La coqueluche n’est pas la seule maladie à affecter les voies respiratoires en ce début d’été. © BELGAIMAGE

Coqueluche, Covid, pneumocoque: pourquoi tant de monde tousse cet été

Ludivine Ponciau
Ludivine Ponciau Journaliste au Vif

Plusieurs maladies respiratoires circulent en ce début d’été frisquet. Elles ne sont pas forcément plus agressives mais elles sont de sortie au même moment. La faute, en partie, à la pandémie.

La France est confrontée à une inquiétante recrudescence de cas de coqueluche depuis le début de l’année. Très contagieuse, l’infection respiratoire a déjà coûté la vie à dix-sept personnes, dont douze nourrissons, alarme Santé publique France. La flambée épidémique serait l’une des plus fortes enregistrées au cours des trente dernières années. En Belgique aussi, la maladie circule depuis quelques mois. Pas encore de manière aussi impressionnante que dans l’Hexagone, mais le nombre de cas reste plus élevé qu’il y a vingt ans, relève Sciensano, dont le centre national de référence pour la coqueluche reçoit actuellement un nombre important de demandes de diagnostic.

Chef du service pédiatrie à l’hôpital universitaire des enfants Reine Fabiola à Bruxelles (Huderf), le docteur Pierre Smeesters a également constaté une importante augmentation du nombre de jeunes malades ces dernières semaines. «En pédiatrie, nous sommes très préoccupés par la coqueluche et la rougeole, surtout chez les moins de trois mois. Nous avons été confrontés à des décès et à des cas difficiles. Ce qui est d’autant plus malheureux, c’est que la plupart de ces cas auraient pu être évités par une vaccination durant la grossesse.
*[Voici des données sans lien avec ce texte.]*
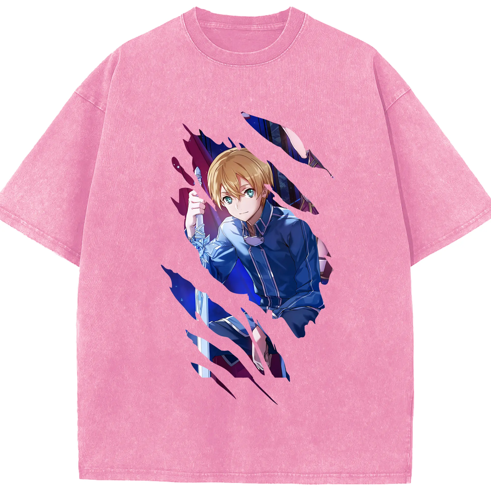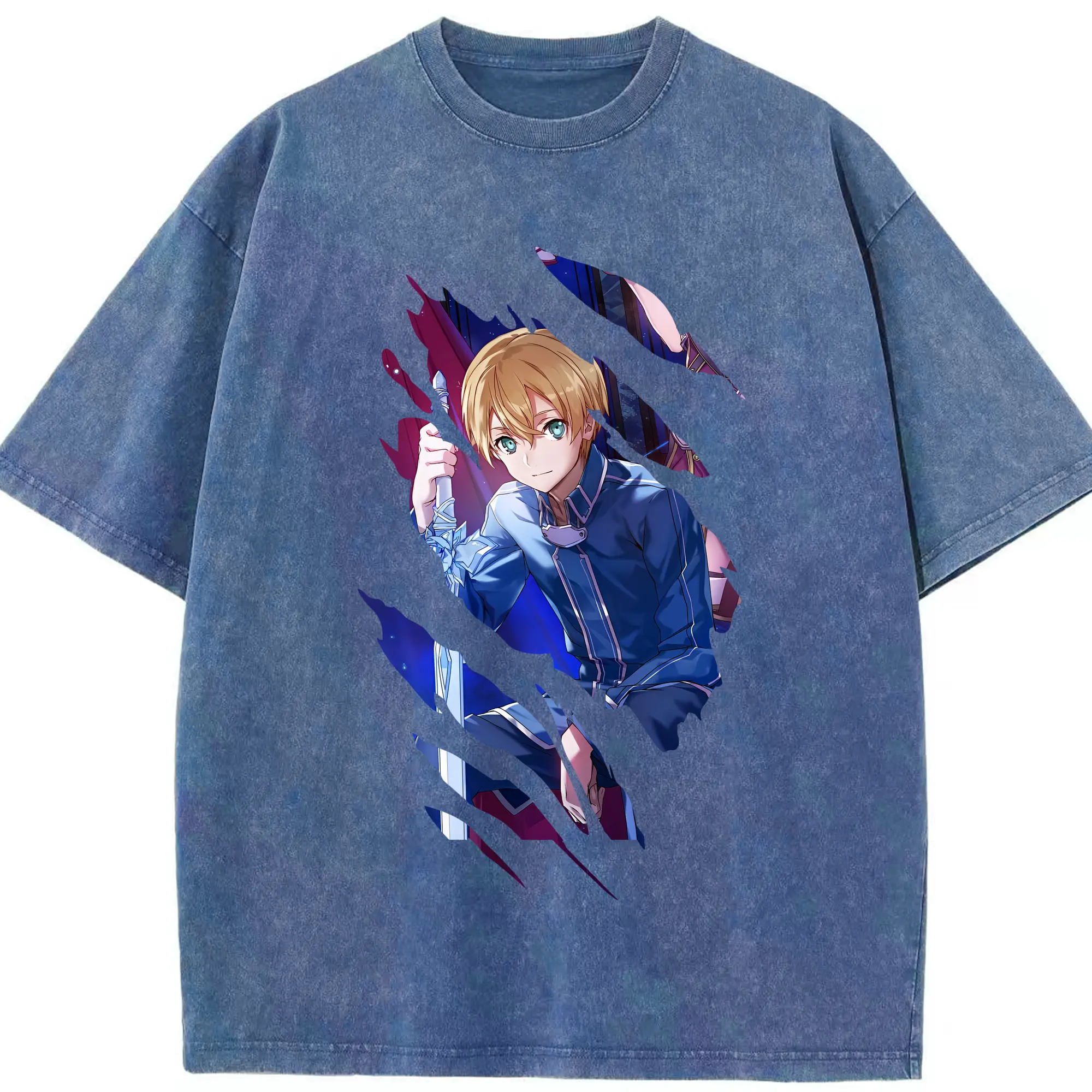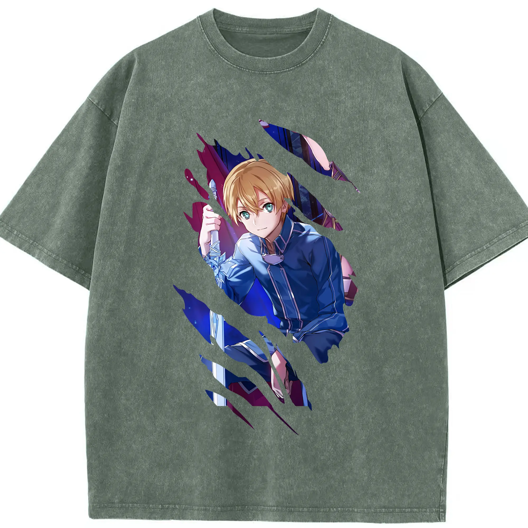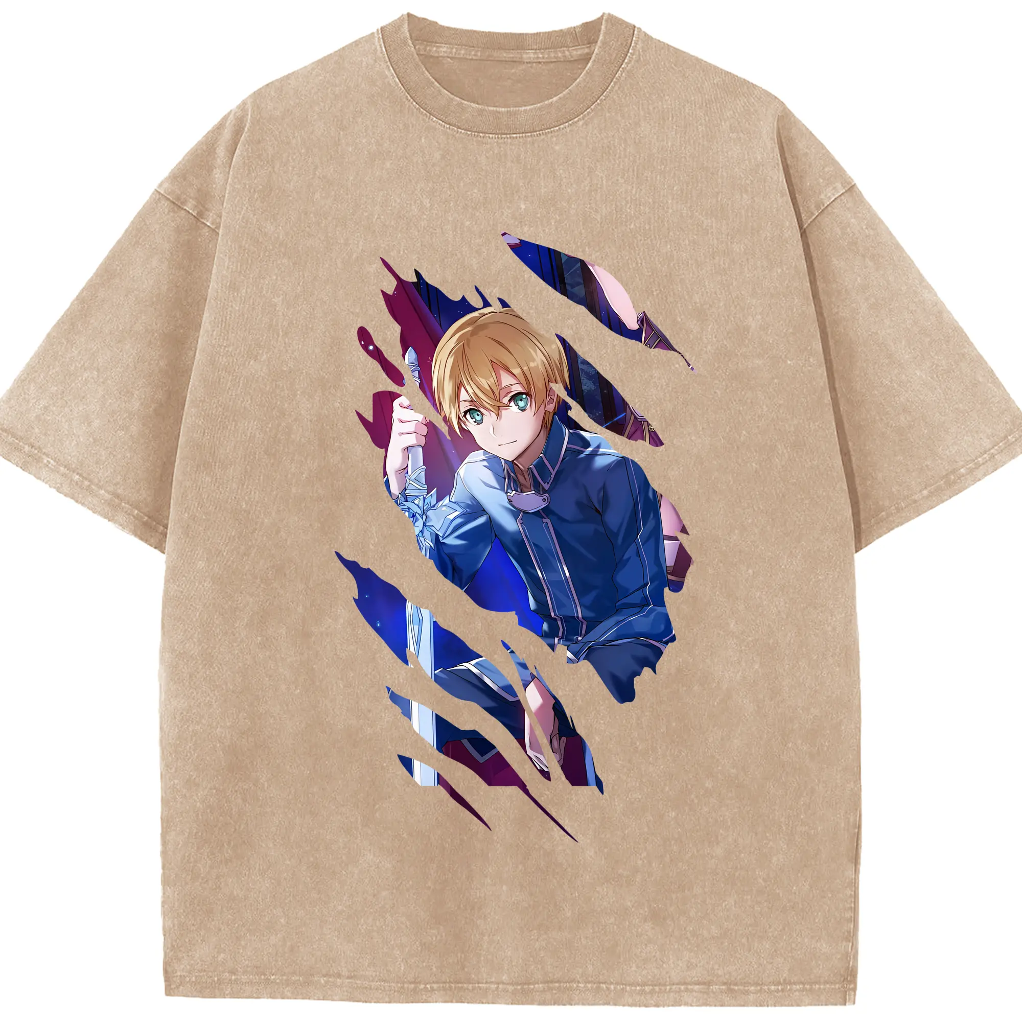 ソードアートオンライン グッズ ユージオ - 綿100% ヴィンテージ風 半袖Tシャツ ・ 背面プリント ・ 柔らか肌触り ・ 通気性 快適 ・ スポーツ カジュアル 外出用
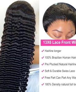 The “13×6 Deep Wave Lace Front Wig” is fantastic! It’s made from high-quality human hair with a natural deep wave texture. The pre-plucked baby hairs and 180% density give it a full, realistic look. The glueless design is super comfortable, and the 30-inch length adds a luxurious touch.

Or, on constate que l’information à ce sujet n’a pas assez circulé ou que certaines personnes se montrent encore très réticentes face à la vaccination».

En ce qui concerne la coqueluche, des études sérologiques démontrent une diminution marquée, voire une disparition des anticorps post-vaccinaux au cours des 5 à 10 ans qui suivent la dernière vaccination. Le dépistage par PCR ou sérologique plus fréquent de la coqueluche, notamment chez les nourrissons, explique également la hausse du nombre de cas signalés. Depuis 2010, on recense chaque année un à cinq décès de bébés liés à cette maladie en Belgique.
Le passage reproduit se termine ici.